We preprocessed the input retinal images using the MAP estimated local region filtering technique to get better image superiority. Then the ROI extraction process is carried out to detect the infected region. Then, regarding the texture and color feature, extraction processes are to be performed. Finally, the activation function is used to analyze the feature level by testing disease features. Based on the feature analysis, the different levels of diabetic retinopathy are identified with higher accuracy. To authenticate the proposed method, we conducted the simulation with a diabetic retinopathy dataset.

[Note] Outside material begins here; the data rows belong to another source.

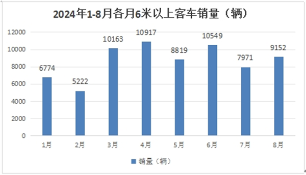 作为2024年下半年第二个月的8月份,我国6米以上大中型客车销量如何?
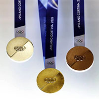 奖牌 2026年米兰-科尔蒂纳丹佩佐冬季奥运会奖牌的正反面都采用两个半圆连接在一起的设计,象征着米兰与科尔蒂纳两座城市的携手合作,更承载着胜利之魂与为实现梦想所付出的拼搏。 两枚半圆奖牌通过奥林匹克与残奥会的价值观连接在一起,它们代表着运动员走到这一步所付出的努力,也代表着运动员的家人、教练员、理疗师等整个团队的努力。 奖牌正反面采用两个半圆连接设计,象征米兰与科尔蒂纳的合作。正面分别为奥运五环及残奥会标志,背面分别为米兰冬奥会及冬残奥会标志。冬残奥会奖牌背面刻有盲文,侧面标注奖牌类型(金牌、银牌或铜牌)。米兰冬奥会品牌、形象与视觉总监拉法埃拉·帕尼耶参与了奖牌设计。米兰冬奥会组委会主席乔瓦尼·马拉戈表示,奖牌代表着意大利的创意、对体育的激情以及意大利之美。 2026年米兰-科尔蒂纳丹佩佐冬季奥运会奖牌由意大利国家造币印钞局打造,采用环保、无毒、可回收的保护涂层制成,制作奖牌所用能源全部来自可再生能源。
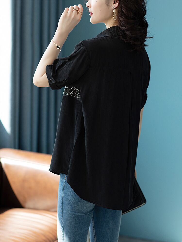 初回送料無料レディースサマースリムゆったり半袖ステッチシャツトップスブラウス人気商品
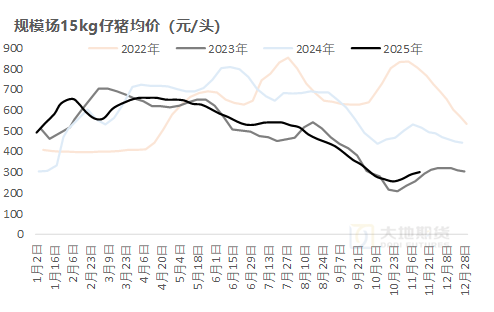 仔猪报价小幅调涨,询价有增但实际成交有限,关注其持续性及市场补栏表现。据涌益样本监测,截至11月14日,当周15kg仔猪市场均价300元/头,较前周涨14元/头。
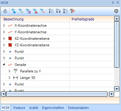 Dabei bietet die Registerkarte HCM einen guten Überblick über die vergebenen Lage- und Maßbedingungen. Dabei wird bei Baugruppen auch aufgeführt, wie viele Freiheitsgrade noch vorliegen.
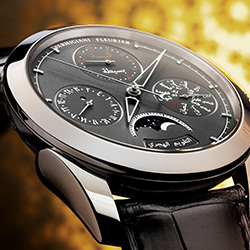 Модель Hijri Perpetual Calendar выполнена в платиновом корпусе диаметром 44,5 мм с грифельным циферблатом и платиновым ротором автоподзавода. Она показывает часы и минуты, а также дату индо-арабскими цифрами, название и продолжительность месяца на арабском языке, а также обычные и високосные годы. Кроме того, здесь имеются указатели лунных фаз с диском из авантюрина и 48-часового запаса хода. Как у всех часов Parmigiani Fleurier все без исключения детали механизма, включая скрытые от глаз, декорированы вручную специалистами мануфактуры.
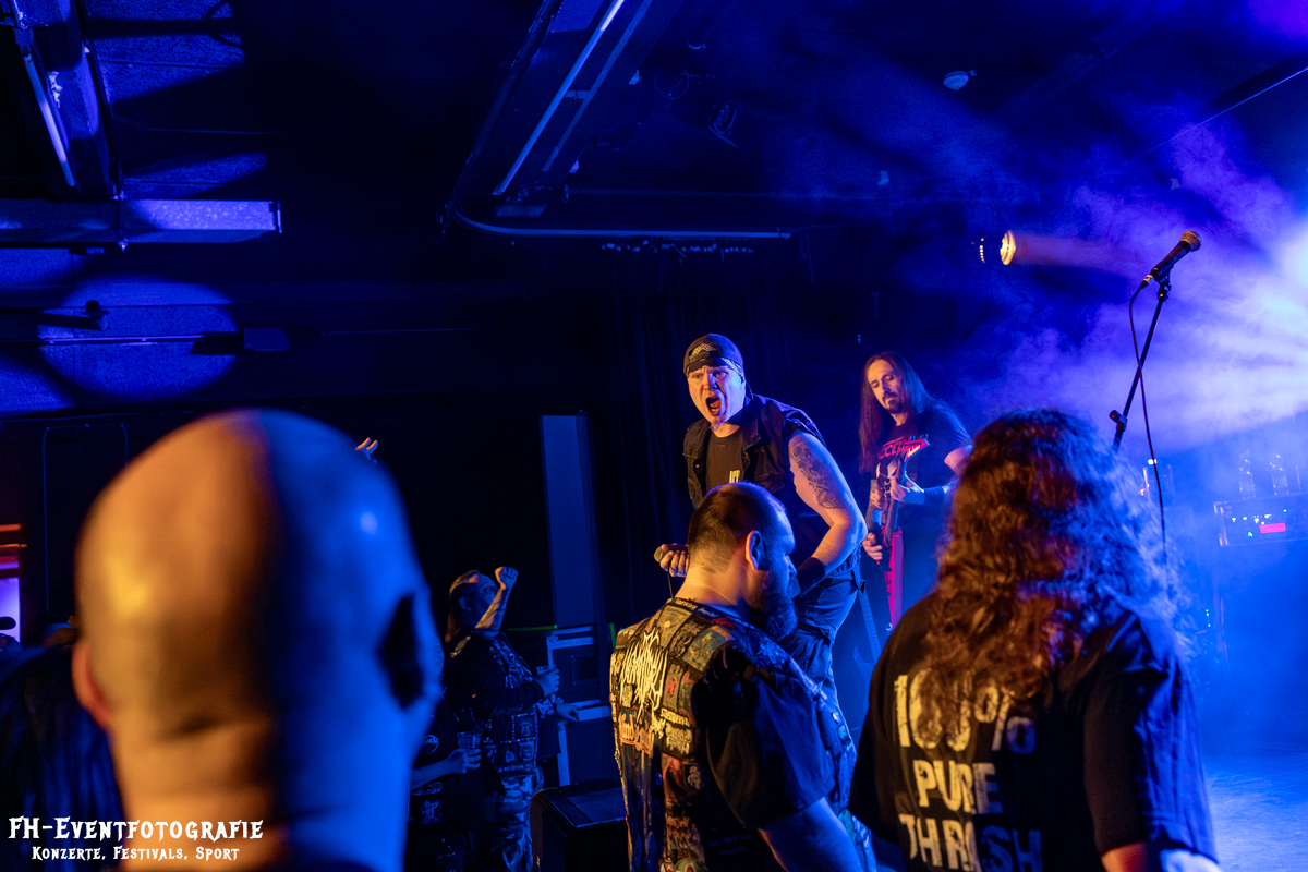 Runde zwei wurde von Einheimischen bestritten. Nach reichlich Pause in der Bandgeschichte spielten Bedlam Broke Loose einen reichlich abgefahrenen Auftritt. Wenig Metal im ursprünglichen Sinne, dafür mehr Hardcore mit auf die Fresse Garantie. Die geneigten Metalheads hatten ihren Spaß. Keine Frage, aber das Nackenknacken blieb etwas auf der Strecke. Das im Takt wippen und nicken war dafür aber überall zu sehen. Für oldschool Metaler aber ein Ausdruck von beeindruckt sein. Und ich war beeindruckt, wie takttreu die Crowd war. Diese Fähigkeit wird ja normalerweise nach wenigen Sekunden verlernt.

When compared to that method, the proposed MAPCRCI-DMPLC achieves good results for early detection of retinopathy issues in diabetic patients. We derived the quantitative analysis of five methods in terms of PSNR, DDA, FPR, DDT, and Specificity. The comparative result shows that the aim of the proposed MAPCRCI-DMPLC technique has significantly enhanced the accuracy and reduced the time consumption compared to the conventional methods. In the future, we focus on the different multidimensional classifications of diabetic retinopathy disease detection time consumption. Future developments of the proposed method include selecting more advanced neural network architectures such as m deep convolute neural network. A complete and more precise automatic DR grading system would successfully assist the retinopathy screening.